O processo colaborativo tem se revelado altamente eficiente na busca de um espetáculo que represente as vozes, ideias e desejos de todos que o constroem. Sem hierarquias desnecessárias, preservando a individualidade artística dos participantes, aprofundando a experiência de cada um, o processo colaborativo tem sido uma resposta consistente para as questões propostas pela criação coletiva dos anos de 1970: uma obra que reflita o pensamento do coletivo criador (MIGUEZ apud FERNANDES, 2012, p. 318).

O interesse pela alteridade chega, por fim, à provocação de outras formas de relacionar-se com o espectador, colocando em xeque as fronteiras tradicionais do fenômeno teatral que separam artistas e públicos. De fato, “os ‘teatros do real’ colocam em ação novas estratégias perceptivas, que obrigam o espectador a experimentar e viver o teatro em lugar de recebê-lo apenas visualmente” (FERNANDES, 2015, p. 17). A participação do espectador é, portanto, a característica que sintetiza tais produções nestes territórios de experimentação e jogo. Para Féral: “o denominador comum das diferentes formas de real no teatro é o caráter participativo, que define uma ruptura decisiva nos modos de recepção” (op. cit., p. 17).

Por exemplo, o trabalho “Clean Room” de Juan Domingues, apresentado no

Laboratoires d‘Aubervilliers em 2010, é constituído de seis episódios cuja proposta é

criar aos moldes das séries televisivas, uma comunidade fiel que acompanha o desenvolvimento de uma narrativa. Neste trabalho não há atores, o público é o protagonista da obra e responsável pela sua construção.

Diante das questões expostas, poderíamos nos indagar se o rompimento com as convenções teatrais encontrado nos teatros do real e teatro performativo produz resistência no público. Este tipo de teatro cumpre temporada ou eles necessitam um acontecimento / evento para existir? Como a característica de participação presente nos teatros do real e teatro performativo repercute na prática curatorial em artes cênicas? Quais as implicações de circular ou produzir obras como estas para um curador? Como apresentar estas obras que buscam formas estendidas de experiência? Como tornar visíveis obras que nem sempre estão comprometidas com um resultado estético? Como torná-las comercializáveis?

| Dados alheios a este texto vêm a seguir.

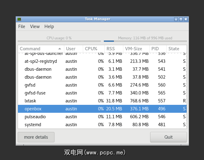 相反,许多窗口管理器本身非常轻巧,占用的空间很小。例如,Openbox仅需要运行较大的桌面环境的一小部分。

Diante do conjunto de recorrências identificadas nos teatros do real / performativo, optamos por nos debruçar sobre a questão da participação / colaboração, pois este procedimento tão enfatizado em tais produções, parece vir ao encontro da prática curatorial em sua função mediadora tal como a descrevemos no capítulo anterior.

A seguir, nos aprofundaremos na discussão desta questão a fim de ampliar esta reflexão a partir da contribuição de outros autores. Visamos, deste modo,

verificar quais as implicações proporcionadas pela adoção desta característica na prática curatorial.

Assim como o teatro performativo busca ultrapassar as relações de consumo e constituir-se enquanto experiência, é possível a uma curadoria também se estruturar como uma experiência?